La majorité des télé-suivis sont néanmoins le fait d’équipes hospitalières. Les libéraux peuvent conseiller leurs patients sur des objets connectés mais ils ont ensuite difficilement accès aux données.

Qu’en est-il du financement ?

Dr Antoine Poignant : Pour le moment, il n’existe pas de financement national en lien avec les objets connectés. Cardiauvergne par exemple, lancé en 2012, est financé par une enveloppe de l’Agence régionale de santé Auvergne. Les dispositifs sont expérimentaux et non pérennes malgré le fait qu’ils font leur preuve. C’est comme l’acte de télésurveillance, il n’est pas répertorié dans la Classification commune des actes médicaux (CCAM).

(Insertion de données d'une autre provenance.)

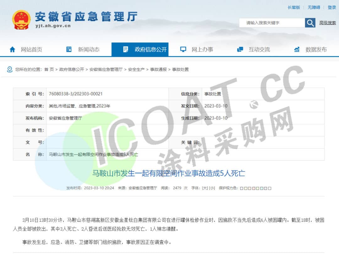 2023年3月10日,馬鞍山市慈湖高新區安徽金星鈦白集團有限公司發生中毒窒息事故,因施救不當先后造成6人被困罐內,造成5人死亡、1人受傷。

En revanche, les assureurs se lancent dans le financement de tels dispositifs.

 

 

Faire avec les troubles cognitifs et la perte d’autonomie

Dans son cabinet libéral, le médecin peut parfois se sentir isolé dans la prise en charge de patients âgés touchés par des troubles cognitifs et une perte d’autonomie.
Une étude(1) de 2016 révèle que les médecins généralistes considèrent que la prise en charge des démences et des troubles du comportement chez les personnes âgées posent des difficultés, notamment en ambulatoire, ce qui justifie l’existence d’équipes mobiles de gériatrie.

Ces équipes mobiles ont pour rôle (circulaire du 18 mars 2002) de conseiller, informer et former les équipes soignantes dont les médecins pour effectuer une évaluation globale de la personne âgées (évaluation médico-psycho-sociale pour une prise en charge adéquate des situations complexes). Elle participe aussi à l’élaboration du projet de soins et du projet de vie, elle oriente la personne âgée dans la filière gériatrique intra-hospitalière, et l’oriente à la sortie de l’hôpital. Enfin, elle participe à l’organisation de sa sortie.

(1)Geriatr Psychol Neuropsychiatr Vieil, vol. 14, n ◦ 1, mars 2016

Appréhender et prendre en charge la fin de vie

La prise en charge de la fin de vie est complexe, d’autant plus lorsqu’elle se déroule au domicile du patient. Le médecin, au cœur de la coordination des soins, travaille généralement avec l’infirmière libérale et le pharmacien d’officine.
Néanmoins, ce trio « idéal » du premier recours n’empêche pas des difficultés de prise en charge. Pour se faire aider, le médecin peut solliciter l’intervention d’un réseau de soins palliatifs, qui peut accompagner l’équipe de soins et le patient à domicile.

Le médecin peut également trouver des ressources auprès du Centre national des soins palliatifs et de la fin de vie (CNSPFV), qui met à disposition des professionnels de santé, des outils pour savoir mieux communiquer avec leur patient sur la fin de vie, les informer et les sensibiliser. D’autant plus qu’en tant que professionnel de santé de premier recours, le médecin généraliste notamment est l’interlocuteur privilégié pour aborder les droits et dispositifs avec ses patients.